Malden Square is formed by the intersection of Main, Salem, and Ferry Streets (the town's three major arteries), but the term is loosely applied to a strip running from the square itself to the T station and widened to include a three-block area that encompasses Malden Government Center as well. Follow Main Street north to get to Melrose, or south to Everett Square. Ferry Street runs southeast through Faulkner and Everett before it ends at the Revere Beach Parkway. Salem Street heads east through Maplewood and Linden before the Northeast Expressway kills it.

The square is a definite reminder of a time when Malden was a bustling, independent city, rather than a town that primarily caters to commuters. Some of the buildings still show painted advertisements from the forties and fifties, if you know where to look, but now they're overshadowed by the McDonalds Express and the dollar stores. In winter, the Christmas decorations are ridiculously nice. Do yourself a favor and go for a walk.

The Orange Line takes 14 minutes to shuttle you from the station to Boston, but nobody comes up to Malden Square from the city. Malden fails to attract the sort of tourism that Cambridge and Brookline are so good at pulling in. Why? There's two pretty well-established reasons. One of them is the reputation of the Orange Line, which runs through Roxbury, Charlestown, Everett, and Malden. The first three communities (less so Charlestown) don't have the best reputations. The Orange Line was the only T line to see a murder in 2004. The line IS safe, though. I commute on it daily, and the worst thing to ever happen to me was to have an older man loudly sing at me and a few other passengers for about twenty minutes.

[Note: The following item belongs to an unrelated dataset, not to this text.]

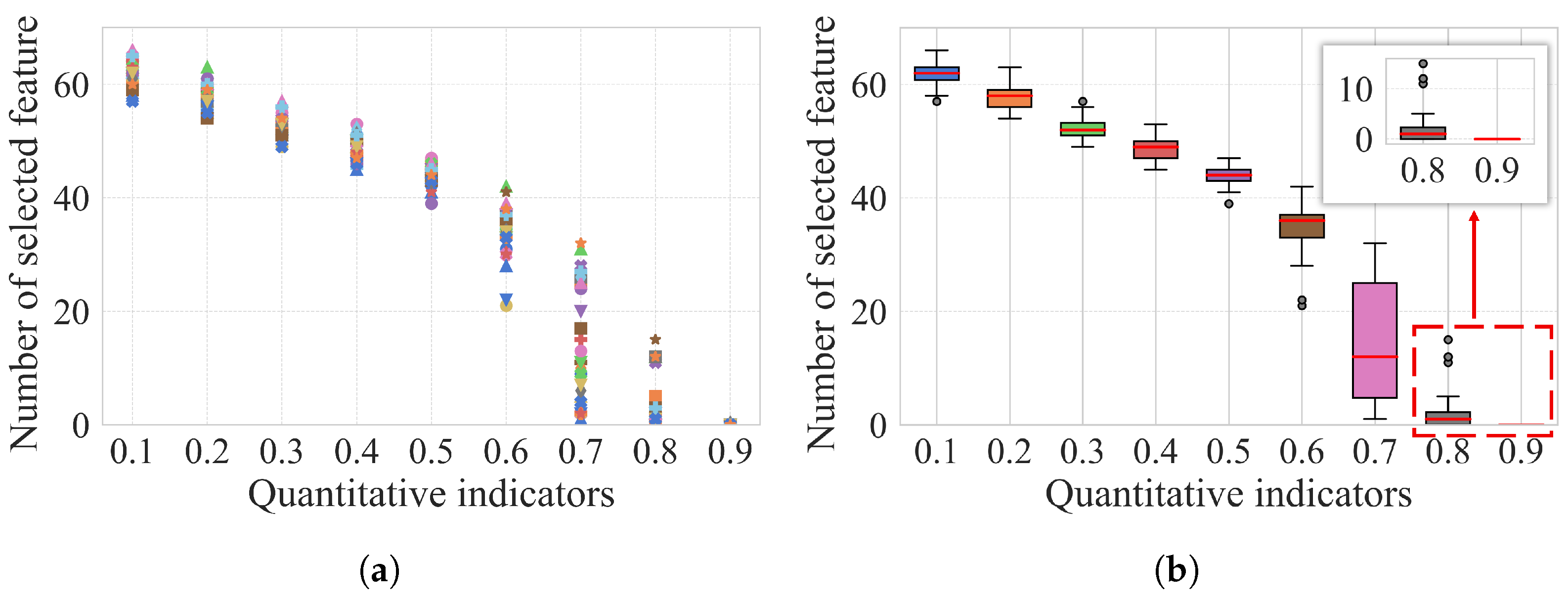 represents the correlation coefficients of remaining features with respect to the core features. Subsequently, a quantitative indicator is established. The variable indices with correlation coefficients exceeding this indicator correspond to those strongly correlated variables. These variables, combined with the core features, constitute the raw data samples used for model training. The quantitative indicator is a key parameter, and the number of adaptively selected variables varies, depending on its value. Typically, it ranges from 0.5 to 0.8. In this paper, it is set to 0.6 based on the experiments and discussions presented in

The second reason is a little more insidious and dates back to the 1980s, when the Orange Line was relocated from its elevated alignment through the central part of Charlestown. The T was upgrading three transit corridors at the time: the Red Line past Harvard, the Orange Line down the newly cleared Southwest Corridor, and the Orange Line north to Malden and Melrose. At one point, the line was expected to continue up to Greenwood Station, in Stoneham, but the T did its thing and started cutting corners. The T ends at Oak Grove and runs on a surface alignment, so Malden Station is a massive, neighborhood-destroying concrete behemoth that squashes pedestrian traffic like a bug. Arlington lost itself a subway by insisting that the entire line be built underground, but they were probably right in the long term.

One of the more interesting parts of the square is the location of the old Malden Square Station (the new T station is officially "Malden Center"), a stop on the now-defunct Saugus Branch of the Boston & Maine Railroad. What was once the depot is now a parking lot, but some remnants of the development remain on the lower blocks of Main Street. At Main and Charles is the BOWLADROME, a 50's-style bowling alley with a dying neon sign. Across the street is an unimpressive diner. The jersey barriers and barbed wire fences down here block off what was once the commercial center of the city. Traffic has since shifted north, above Route 60.

It's Malden, though. It's a fascinating town where there's very little crime and zero racism, and lots of interesting people. The view from Mount Hood is possibly the best in Boston, and there's a whole lot of good pizza. It was my hometown all year; I'll miss it terribly.